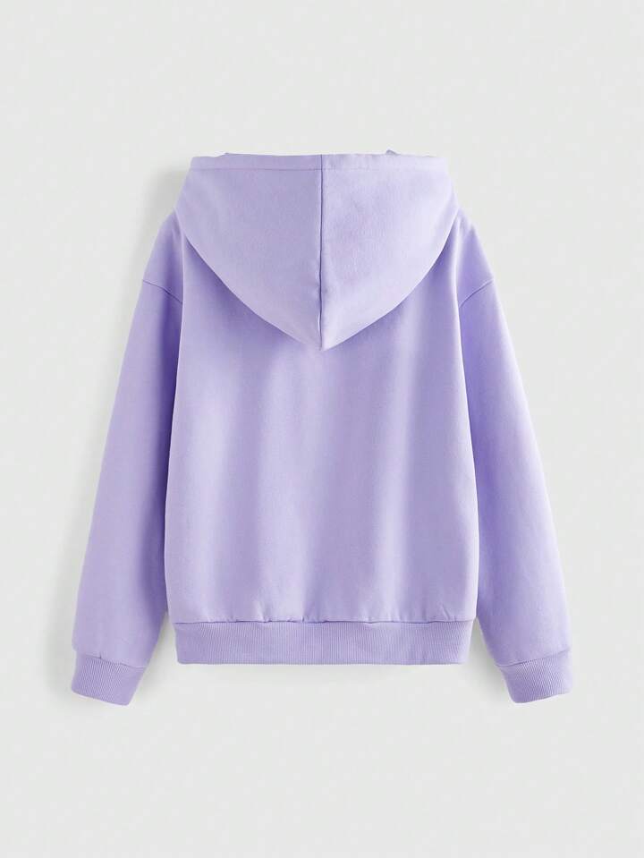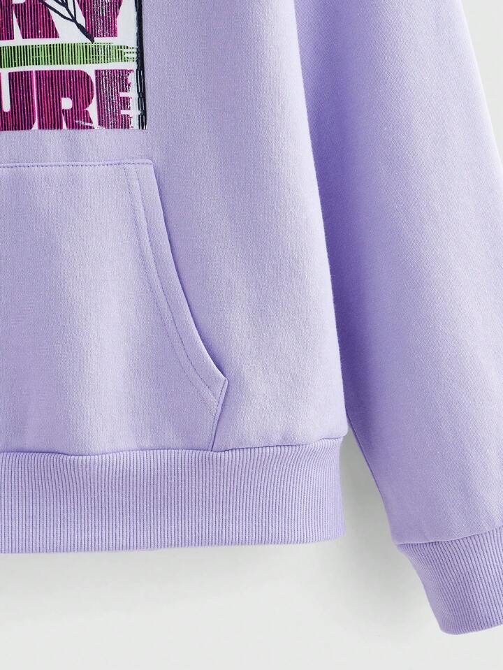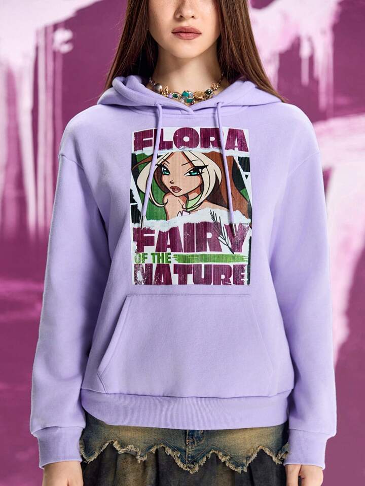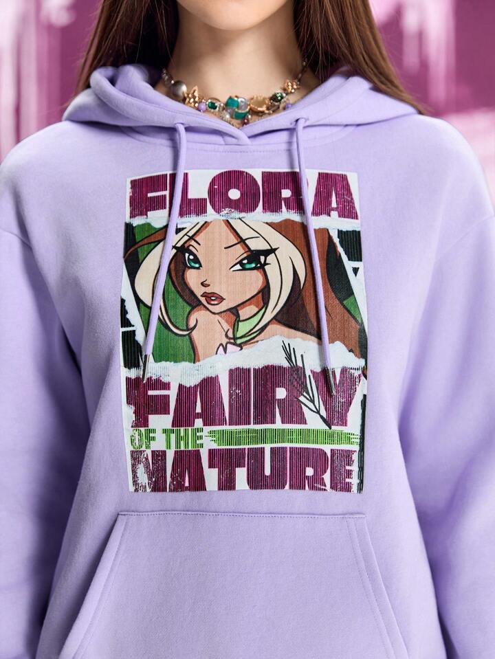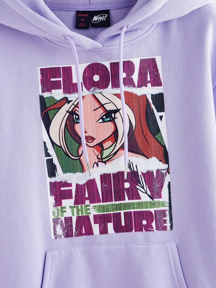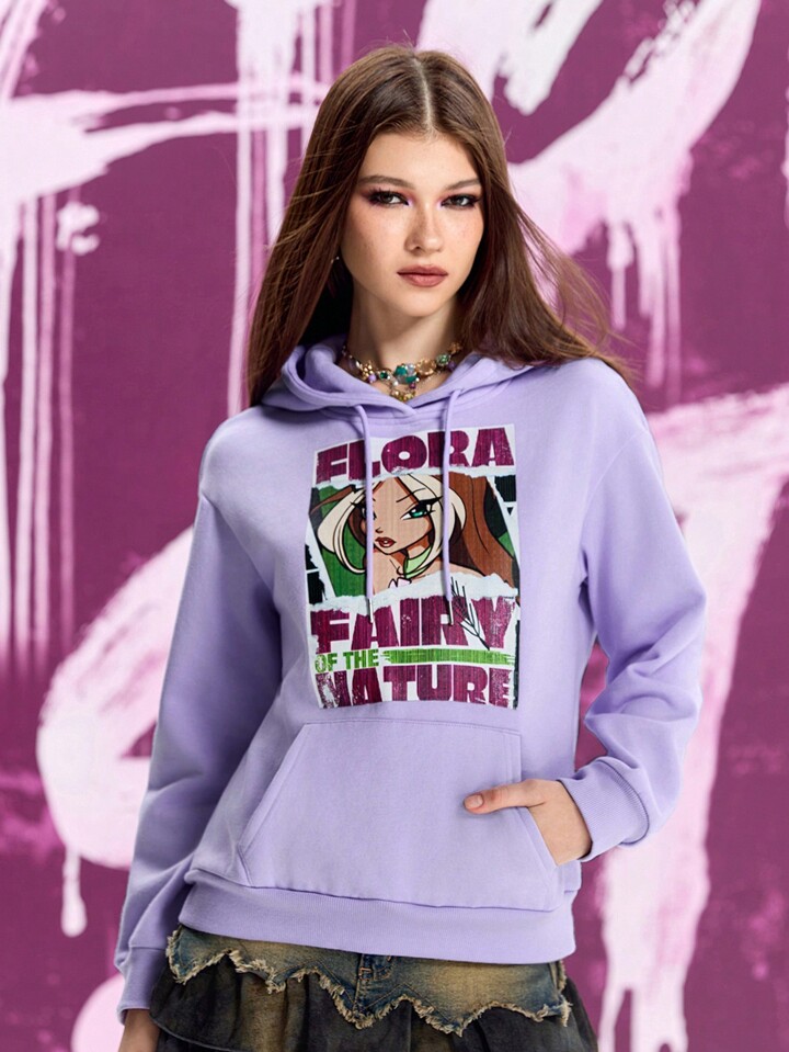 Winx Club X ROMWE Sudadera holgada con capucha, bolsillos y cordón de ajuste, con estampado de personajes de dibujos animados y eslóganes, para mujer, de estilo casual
--
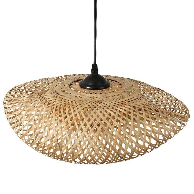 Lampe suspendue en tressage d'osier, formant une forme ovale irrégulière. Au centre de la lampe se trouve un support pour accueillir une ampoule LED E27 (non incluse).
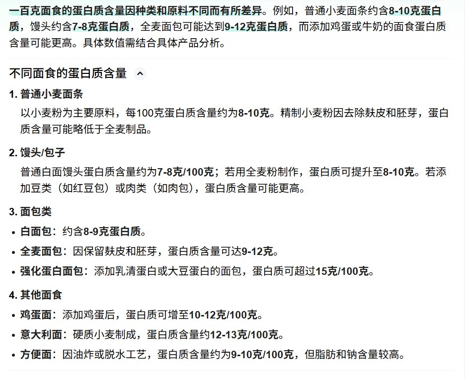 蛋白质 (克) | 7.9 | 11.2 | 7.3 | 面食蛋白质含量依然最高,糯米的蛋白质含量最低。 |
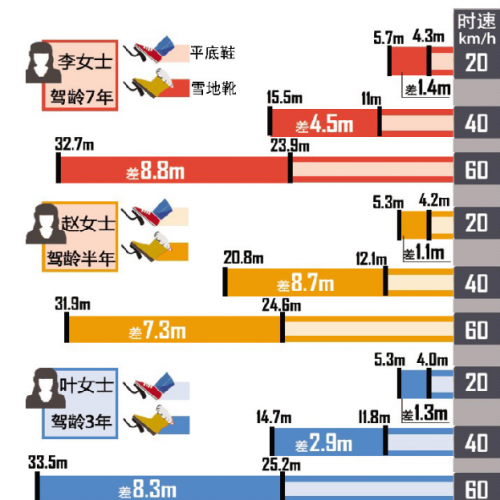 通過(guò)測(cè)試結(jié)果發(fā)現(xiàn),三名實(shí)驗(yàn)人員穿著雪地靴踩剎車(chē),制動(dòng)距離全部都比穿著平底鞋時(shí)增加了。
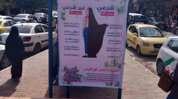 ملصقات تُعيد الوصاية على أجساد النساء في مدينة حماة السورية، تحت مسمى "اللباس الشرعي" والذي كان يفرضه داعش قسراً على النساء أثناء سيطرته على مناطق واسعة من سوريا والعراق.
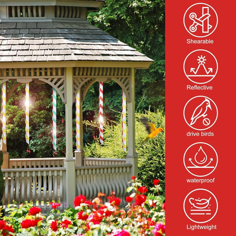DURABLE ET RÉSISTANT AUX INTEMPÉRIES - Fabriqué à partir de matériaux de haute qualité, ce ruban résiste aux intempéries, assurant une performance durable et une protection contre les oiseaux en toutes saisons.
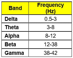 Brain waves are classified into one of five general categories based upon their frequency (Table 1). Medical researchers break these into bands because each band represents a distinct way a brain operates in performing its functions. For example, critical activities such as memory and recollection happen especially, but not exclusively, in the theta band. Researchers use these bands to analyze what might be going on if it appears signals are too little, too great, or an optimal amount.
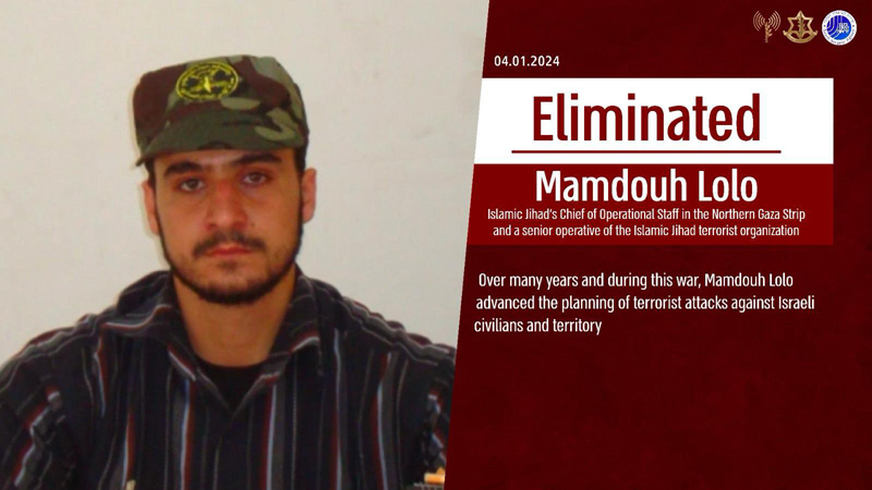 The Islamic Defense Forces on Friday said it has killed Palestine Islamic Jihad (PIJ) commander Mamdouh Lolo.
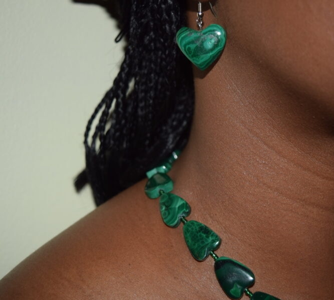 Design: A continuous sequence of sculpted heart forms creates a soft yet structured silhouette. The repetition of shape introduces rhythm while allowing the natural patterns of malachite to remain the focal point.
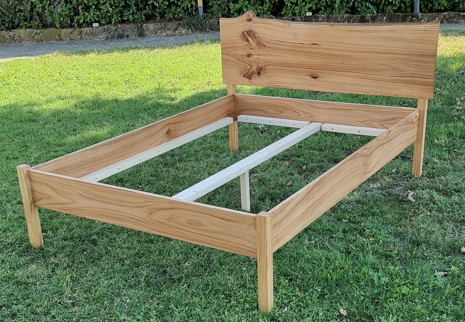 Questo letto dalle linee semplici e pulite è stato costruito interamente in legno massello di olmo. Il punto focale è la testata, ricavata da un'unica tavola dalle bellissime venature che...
* * *
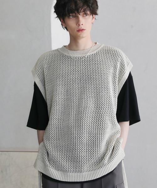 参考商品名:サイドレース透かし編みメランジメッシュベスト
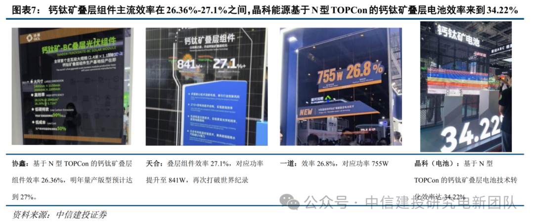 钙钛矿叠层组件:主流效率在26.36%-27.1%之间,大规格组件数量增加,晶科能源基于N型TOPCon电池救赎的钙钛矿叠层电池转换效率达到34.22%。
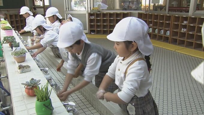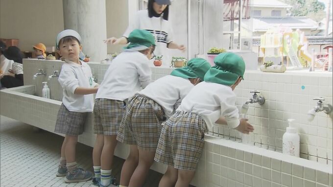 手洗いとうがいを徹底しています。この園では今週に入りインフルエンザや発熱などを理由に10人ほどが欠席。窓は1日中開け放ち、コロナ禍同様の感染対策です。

**EXERCISE REQUIREMENTS**
What to print is the stretch of entries from the line with "蛋白质 (克) | 7.9" up to and including the line with "DURABLE ET RÉSISTANT". Please print it exactly and leave out the pictures.

**TASK RESULT**
 蛋白质 (克) | 7.9 | 11.2 | 7.3 | 面食蛋白质含量依然最高,糯米的蛋白质含量最低。 |
 通過(guò)測(cè)試結(jié)果發(fā)現(xiàn),三名實(shí)驗(yàn)人員穿著雪地靴踩剎車(chē),制動(dòng)距離全部都比穿著平底鞋時(shí)增加了。
 ملصقات تُعيد الوصاية على أجساد النساء في مدينة حماة السورية، تحت مسمى "اللباس الشرعي" والذي كان يفرضه داعش قسراً على النساء أثناء سيطرته على مناطق واسعة من سوريا والعراق.
DURABLE ET RÉSISTANT AUX INTEMPÉRIES - Fabriqué à partir de matériaux de haute qualité, ce ruban résiste aux intempéries, assurant une performance durable et une protection contre les oiseaux en toutes saisons.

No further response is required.